On the other hand, Philio Love is based on friendship, where we know each other better through contact John: 13. 34. A new commandment I give unto you, that ye love one another; even as I have loved you, that ye also love one another. It is more reliable and stable foundation of love and will last longer time. The 3rd type of love is Agape Love, which is based on commitment and pure love but not of the type of ‘good’ feelings and erotic and sexual relationships. It is like God’s love because God choose to still love us despite we are all sinners as proclaimed by Apostle John: 3. 16. For God so loved the world, that he gave his only begotten Son, that whosoever believeth on him should not perish, but have eternal life. In the past, match making is the norm and many older couples still hold on to their marriage vows to the end, simply because of a strong commitment that since you are my wife or husband I will love you forever as depicted in 1 John: 4. 11. Beloved, if God so loved us, we also ought to love one another. But today, we are exposed only to Eros Love and Philio Love. We need both Philio and Agape love to keep the marriages alive. But many of times, guys have ‘bad eyes’ and look for the wrong things at the right girl and therefore can’t find or be contented with a wife of their choice.

There are also many love seasons of life that couples go through. When courting, we are in Eros and Philio level of love. After a big fight when all the feeling and love have disappeared and weaknesses fully exposed and we are no longer ‘sweet’ and ‘honey bee’ anymore. In that situation, if the person still loves you because of a commitment, a vow and discipline to hold onto, it is due to Agape Love as advised in Ephesians: 5. 25. Husbands, love your wives, even as Christ also loved the church, and gave himself up for it. Discipline makes Agape Love possible because it reflects the level of commitment towards each other. Whereas a undisciplined young men or women in general has questionable Agape Love.

And as the couple ‘ages like fine wine’, Eros Love and Philio Love start to decline after marriage. All couples will always fight and all our good feelings towards each other starts to disappear. In spite of these, Agape Love can help to hold each other together while we seek for marital help. How to bring back the Eros or Philio Love? we need to sow and put in commitment and dedication to each other and start loving each other like God choosers to love the sinners.

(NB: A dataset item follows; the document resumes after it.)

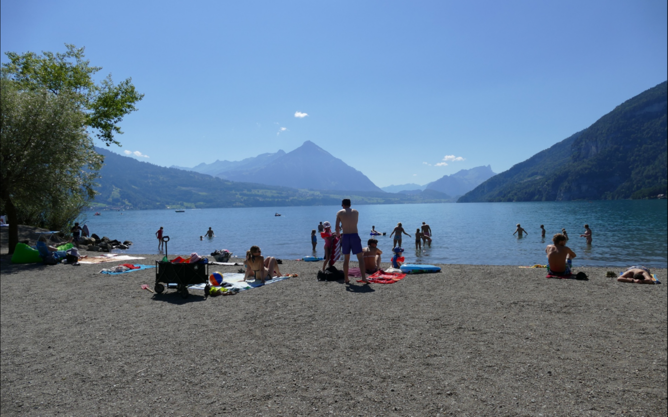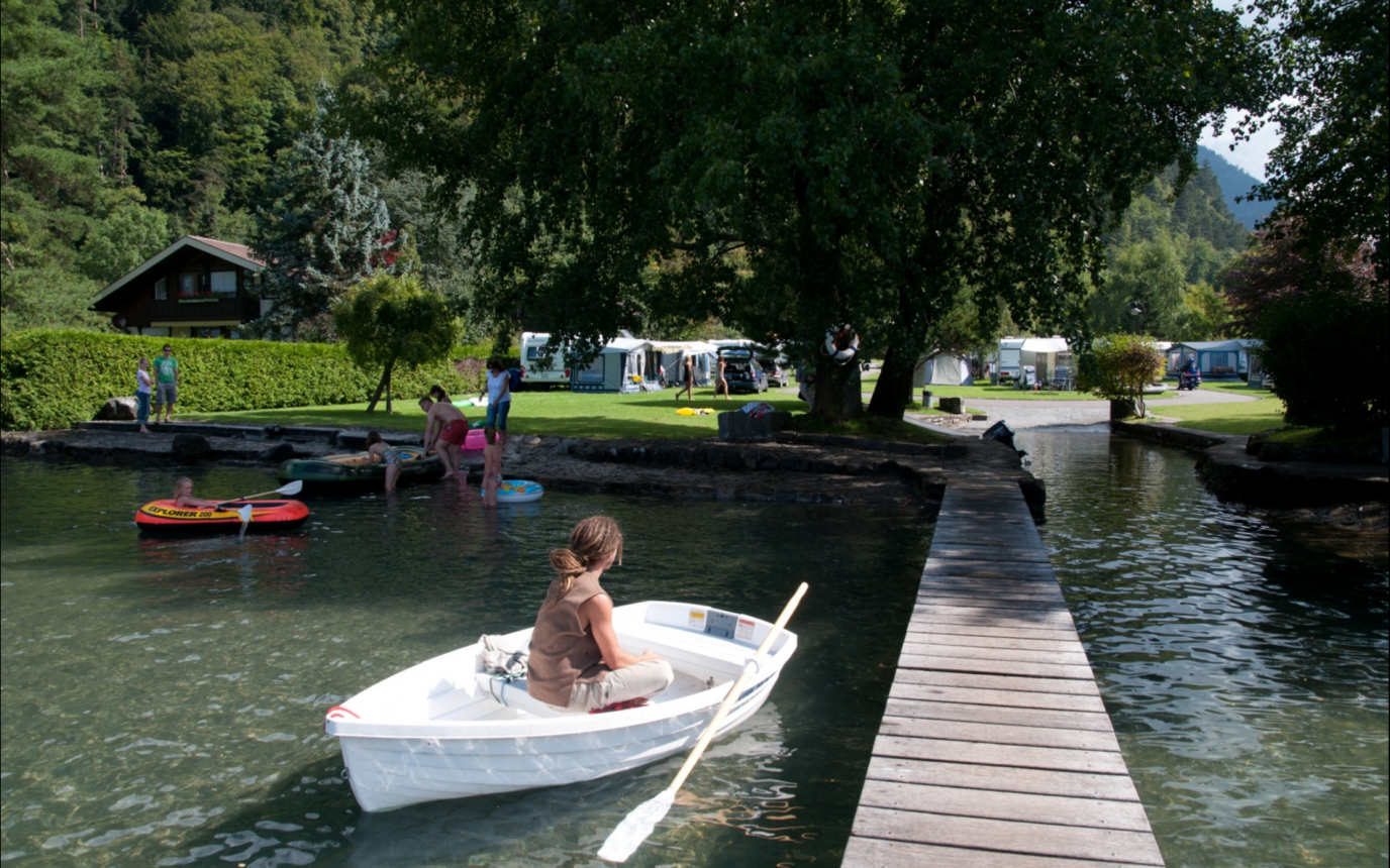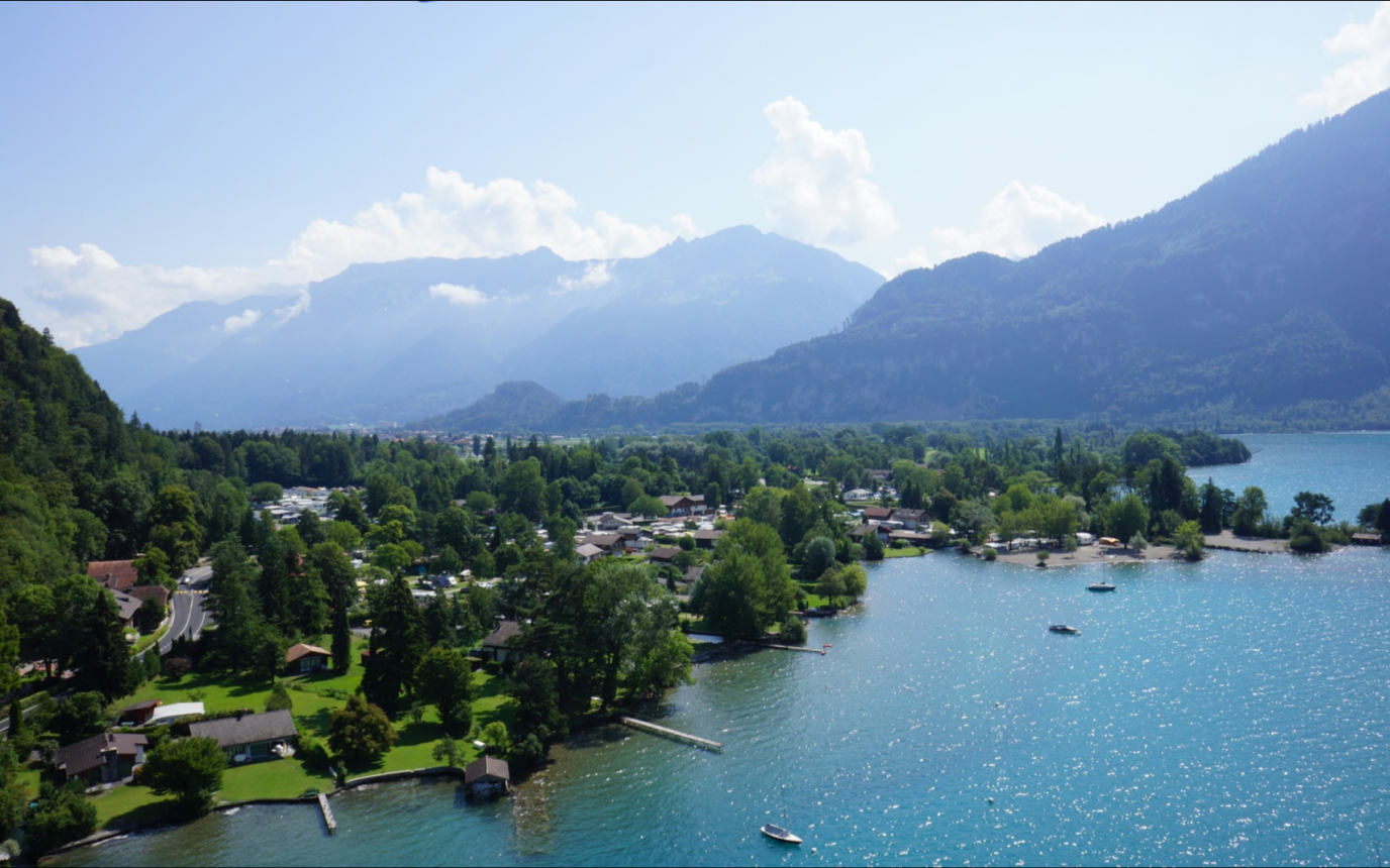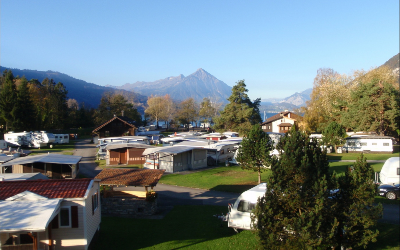Sehr komfortabler Camping als Teil des Ferien- und Wassersportzentrums Neuhaus Manor Farm direkt am sauberen Thunersee inmitten einer herrlichen Bergwelt. Ausgangspunkt für zahlreiche Ausflüge.

When seeking for marital or love advice, please seek from some one older instead of younger. Because the younger people are still exploring and guessing in their volatile love stages. Many good relationships are breaking up because there is no good third party to advise us or help reconcile. Sometimes a good relationship suffers a life time of tragedy because of one moment of pride or unforgiveness or a demonstration of anger and violance, which is a sin that is too luxurious to afford and resulting in a terrible price to pay for one life time in silence and perhaps even passing the same tragedy to our next generation. Therfore, we must learn to follow and walk in faith with sacrificial Love of Christ as depicted in Ephesians: 5. 2. and walk in love, even as Christ also loved you, and gave himself up for us, an offering and a sacrifice to God for an odor of a sweet smell.